Stored entries:
* * * * * * *

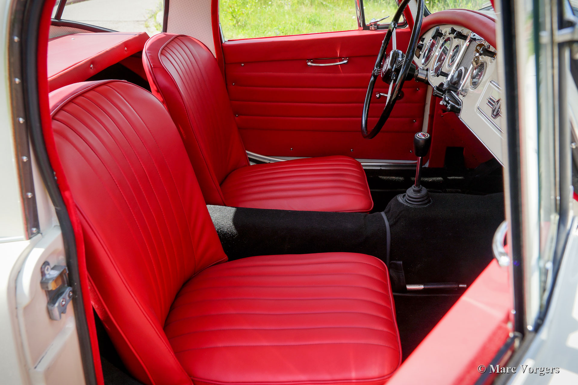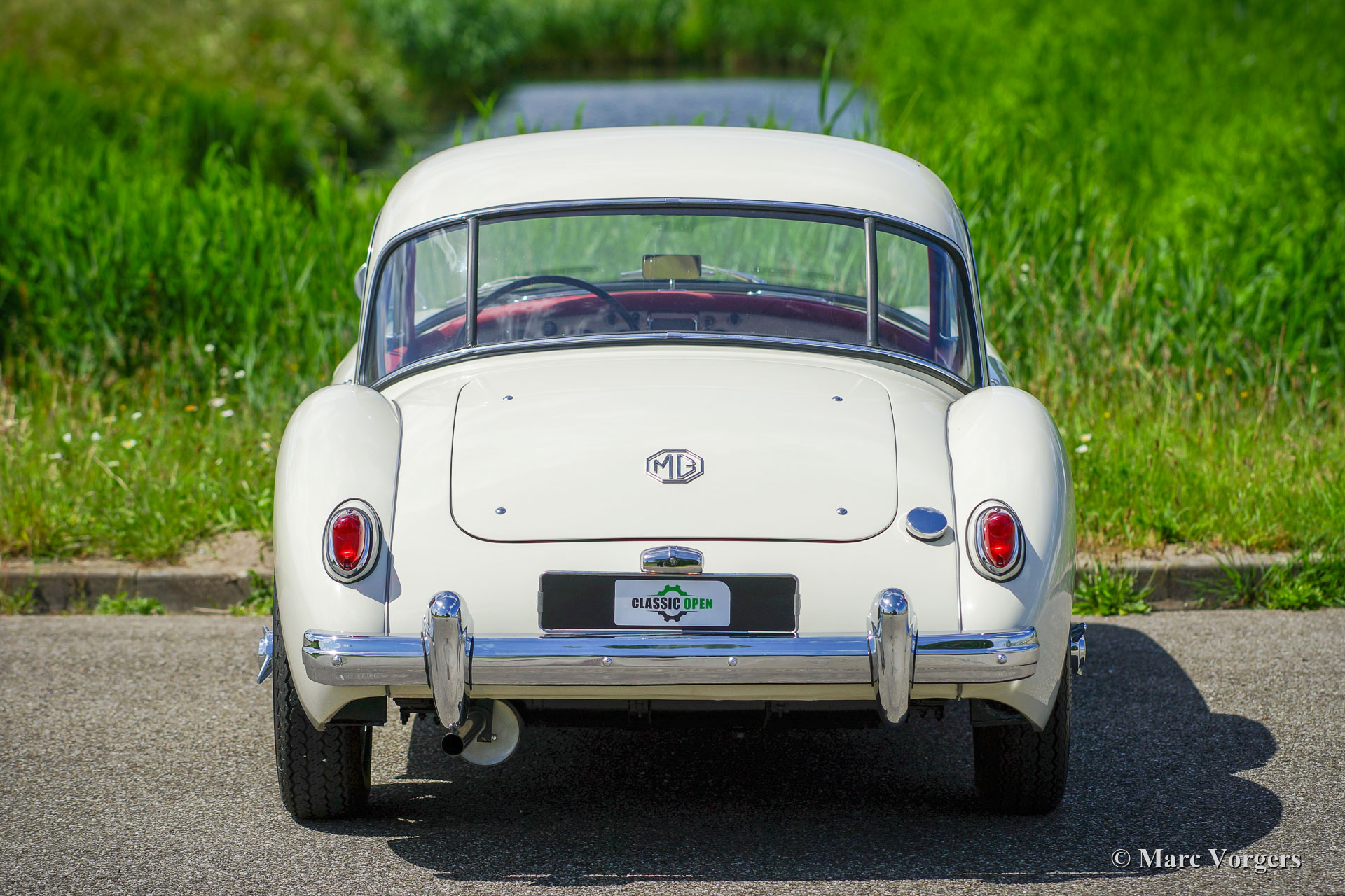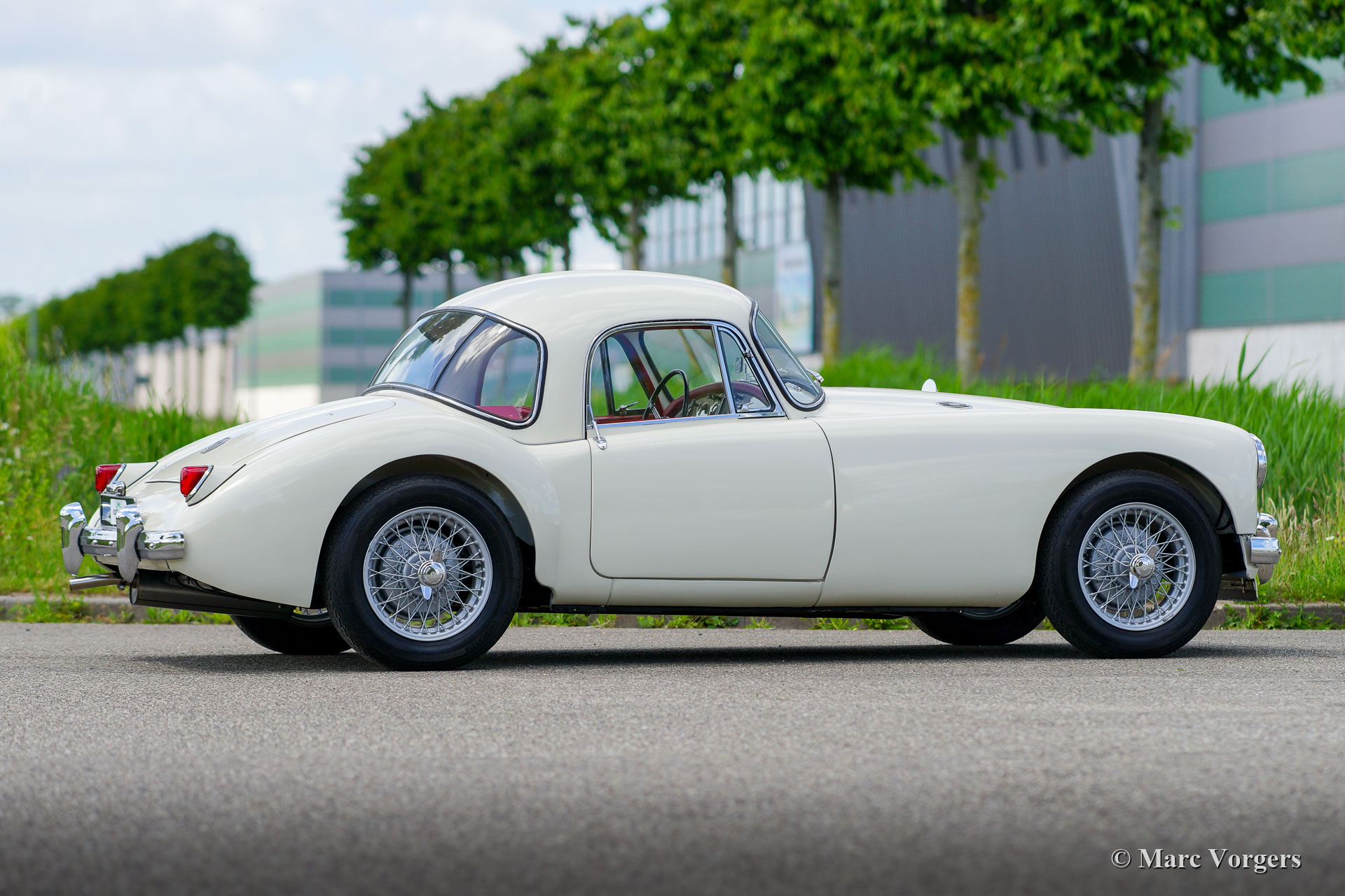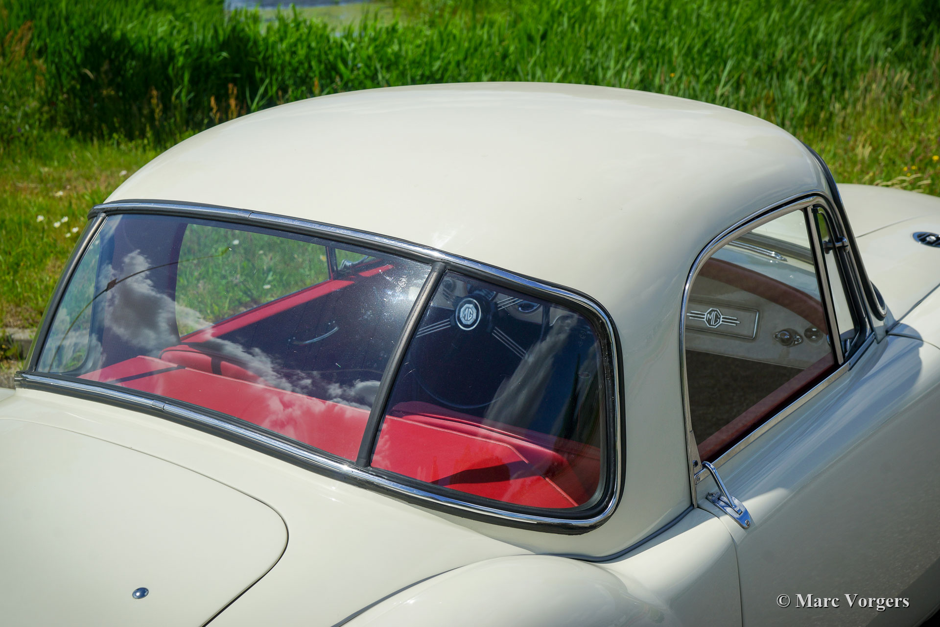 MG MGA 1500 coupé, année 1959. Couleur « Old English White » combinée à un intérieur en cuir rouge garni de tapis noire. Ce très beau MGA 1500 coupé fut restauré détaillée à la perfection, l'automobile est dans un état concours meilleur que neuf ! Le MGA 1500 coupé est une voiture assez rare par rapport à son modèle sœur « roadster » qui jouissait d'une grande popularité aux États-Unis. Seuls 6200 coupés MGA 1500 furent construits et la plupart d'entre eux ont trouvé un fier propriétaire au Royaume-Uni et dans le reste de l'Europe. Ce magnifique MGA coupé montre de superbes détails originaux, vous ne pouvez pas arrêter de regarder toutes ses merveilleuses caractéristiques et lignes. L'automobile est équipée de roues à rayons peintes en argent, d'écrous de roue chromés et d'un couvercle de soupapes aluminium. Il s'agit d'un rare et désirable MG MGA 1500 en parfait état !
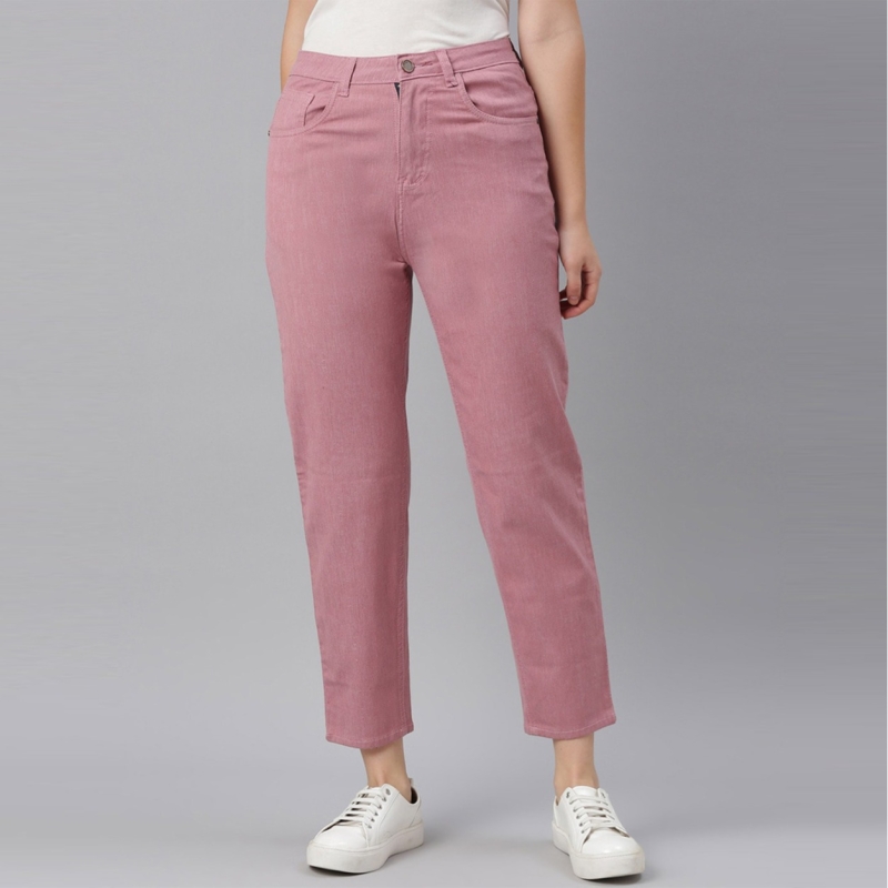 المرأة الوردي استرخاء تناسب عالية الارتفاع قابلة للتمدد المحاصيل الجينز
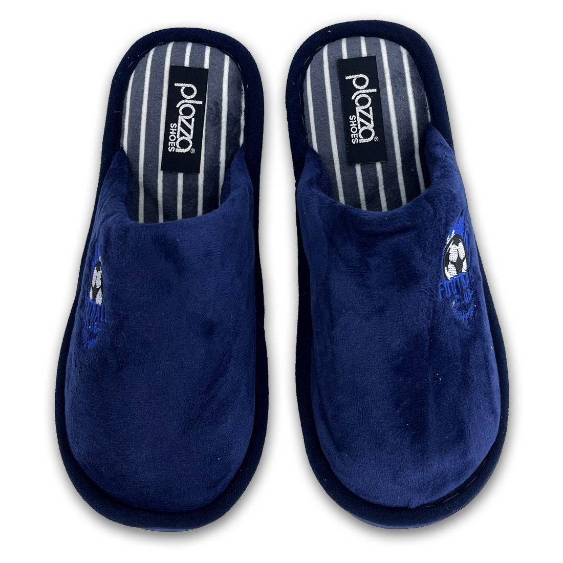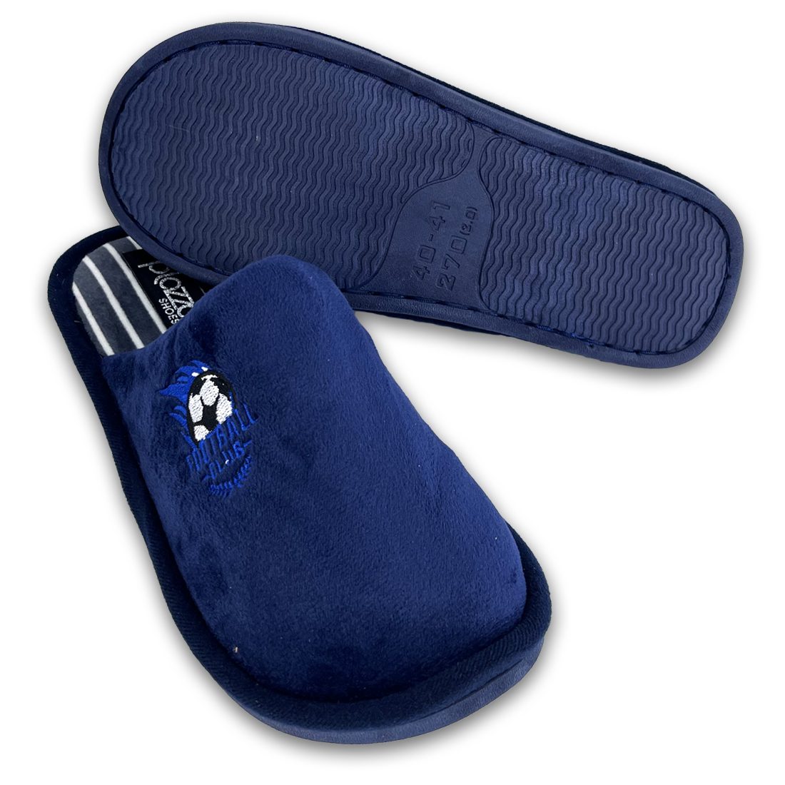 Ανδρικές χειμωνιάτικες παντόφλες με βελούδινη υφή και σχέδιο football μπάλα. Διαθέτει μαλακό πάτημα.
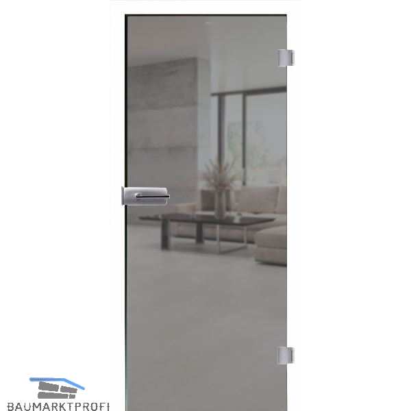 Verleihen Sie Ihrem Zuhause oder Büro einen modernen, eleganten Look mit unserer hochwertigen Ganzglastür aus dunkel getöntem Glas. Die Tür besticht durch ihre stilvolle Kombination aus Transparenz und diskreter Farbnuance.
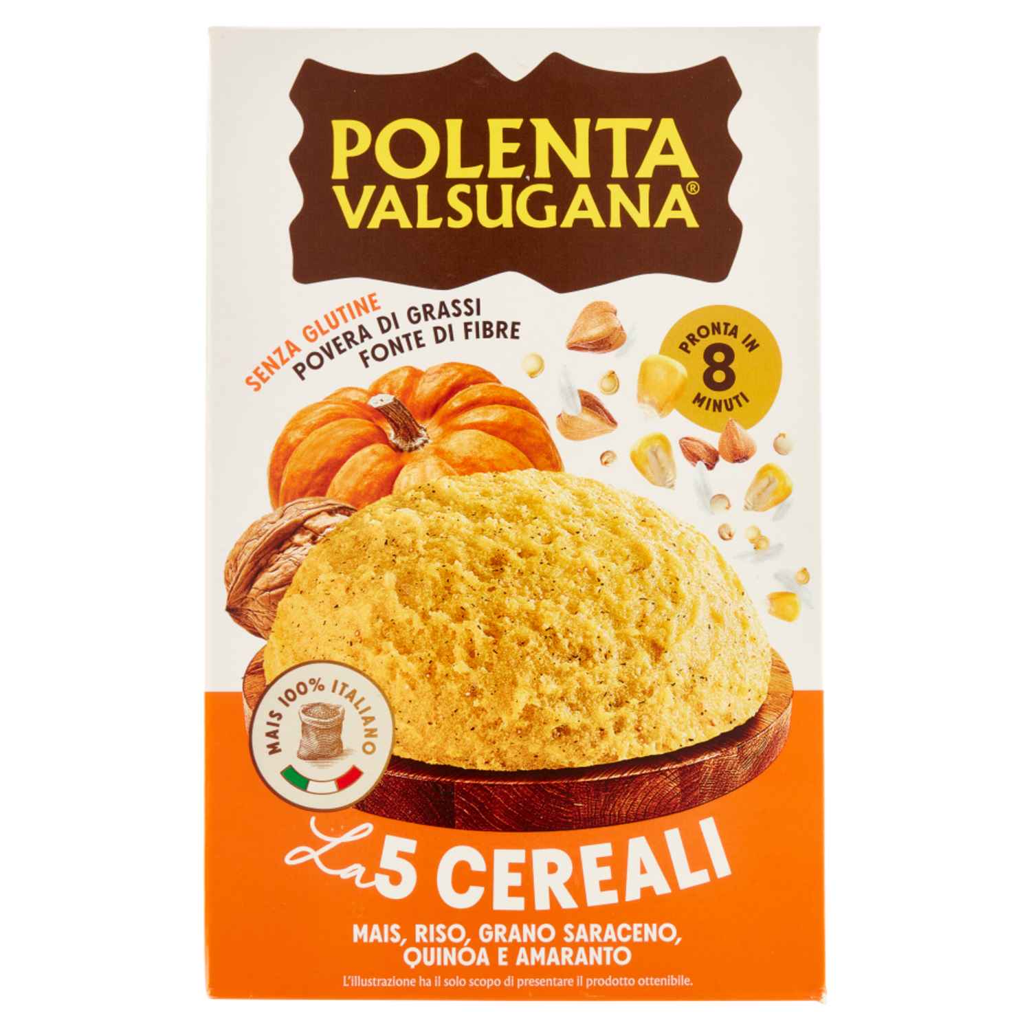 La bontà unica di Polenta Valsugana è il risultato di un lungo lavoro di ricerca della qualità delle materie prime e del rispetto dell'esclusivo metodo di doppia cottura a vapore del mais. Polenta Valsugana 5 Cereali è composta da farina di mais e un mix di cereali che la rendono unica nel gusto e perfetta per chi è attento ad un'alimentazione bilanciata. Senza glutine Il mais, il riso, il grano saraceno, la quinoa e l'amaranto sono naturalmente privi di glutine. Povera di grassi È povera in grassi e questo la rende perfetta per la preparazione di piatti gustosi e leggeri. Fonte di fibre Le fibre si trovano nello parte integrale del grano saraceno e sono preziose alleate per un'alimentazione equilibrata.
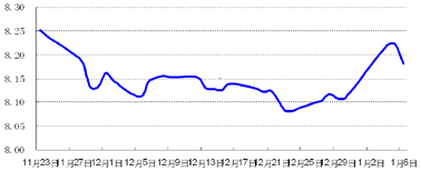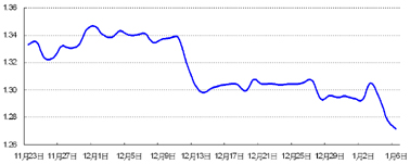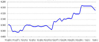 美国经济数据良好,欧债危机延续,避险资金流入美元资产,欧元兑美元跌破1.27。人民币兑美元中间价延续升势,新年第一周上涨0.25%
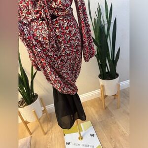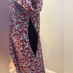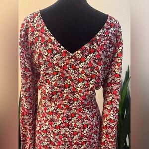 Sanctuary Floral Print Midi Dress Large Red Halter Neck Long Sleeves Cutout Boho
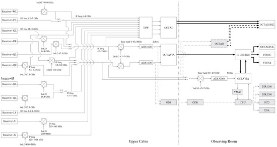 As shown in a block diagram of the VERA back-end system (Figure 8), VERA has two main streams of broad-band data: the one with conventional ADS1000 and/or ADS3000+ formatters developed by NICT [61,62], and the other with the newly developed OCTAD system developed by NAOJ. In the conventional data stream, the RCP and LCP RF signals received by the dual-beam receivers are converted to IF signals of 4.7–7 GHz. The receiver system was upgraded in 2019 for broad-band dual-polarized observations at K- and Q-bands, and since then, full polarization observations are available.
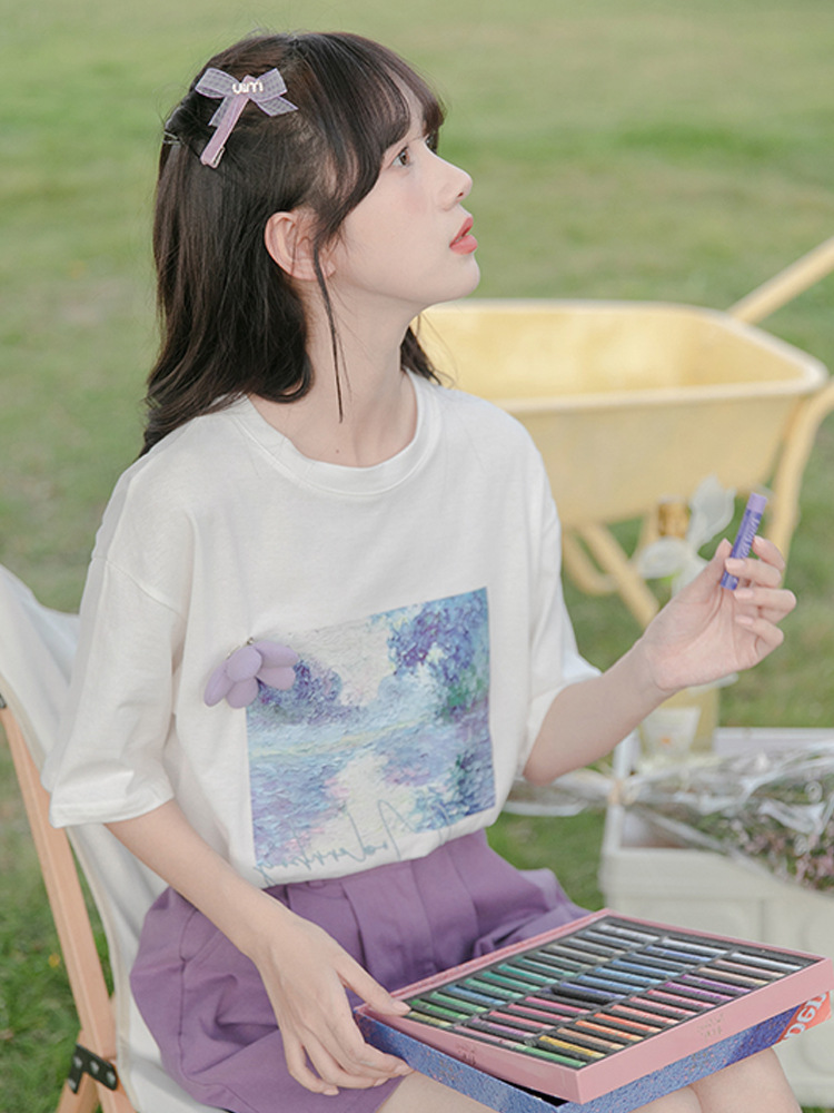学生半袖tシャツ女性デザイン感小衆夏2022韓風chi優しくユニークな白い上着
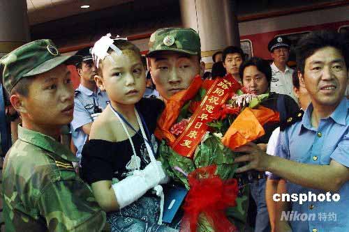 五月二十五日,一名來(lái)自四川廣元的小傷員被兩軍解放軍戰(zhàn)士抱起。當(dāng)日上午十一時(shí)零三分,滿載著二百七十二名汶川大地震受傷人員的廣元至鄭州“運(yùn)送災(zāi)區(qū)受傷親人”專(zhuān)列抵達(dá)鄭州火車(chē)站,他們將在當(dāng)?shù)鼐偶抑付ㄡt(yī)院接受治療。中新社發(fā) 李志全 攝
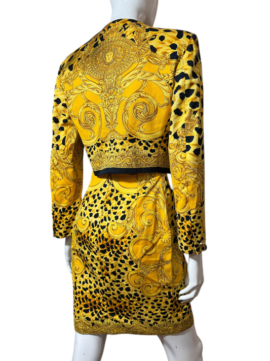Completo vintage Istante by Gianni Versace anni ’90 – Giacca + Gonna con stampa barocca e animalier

* * * * * * *

### Task requirements:
Range to copy from the records above: the line containing "Ανδρικές χειμωνιάτικες παντόφλες" to the line containing "Sanctuary Floral Print", both included. Output those lines exactly and only those, skipping pictures.

### Solution to this problem:
 Ανδρικές χειμωνιάτικες παντόφλες με βελούδινη υφή και σχέδιο football μπάλα. Διαθέτει μαλακό πάτημα.
 Verleihen Sie Ihrem Zuhause oder Büro einen modernen, eleganten Look mit unserer hochwertigen Ganzglastür aus dunkel getöntem Glas. Die Tür besticht durch ihre stilvolle Kombination aus Transparenz und diskreter Farbnuance.
 La bontà unica di Polenta Valsugana è il risultato di un lungo lavoro di ricerca della qualità delle materie prime e del rispetto dell'esclusivo metodo di doppia cottura a vapore del mais. Polenta Valsugana 5 Cereali è composta da farina di mais e un mix di cereali che la rendono unica nel gusto e perfetta per chi è attento ad un'alimentazione bilanciata. Senza glutine Il mais, il riso, il grano saraceno, la quinoa e l'amaranto sono naturalmente privi di glutine. Povera di grassi È povera in grassi e questo la rende perfetta per la preparazione di piatti gustosi e leggeri. Fonte di fibre Le fibre si trovano nello parte integrale del grano saraceno e sono preziose alleate per un'alimentazione equilibrata.
 美国经济数据良好,欧债危机延续,避险资金流入美元资产,欧元兑美元跌破1.27。人民币兑美元中间价延续升势,新年第一周上涨0.25%
 Sanctuary Floral Print Midi Dress Large Red Halter Neck Long Sleeves Cutout Boho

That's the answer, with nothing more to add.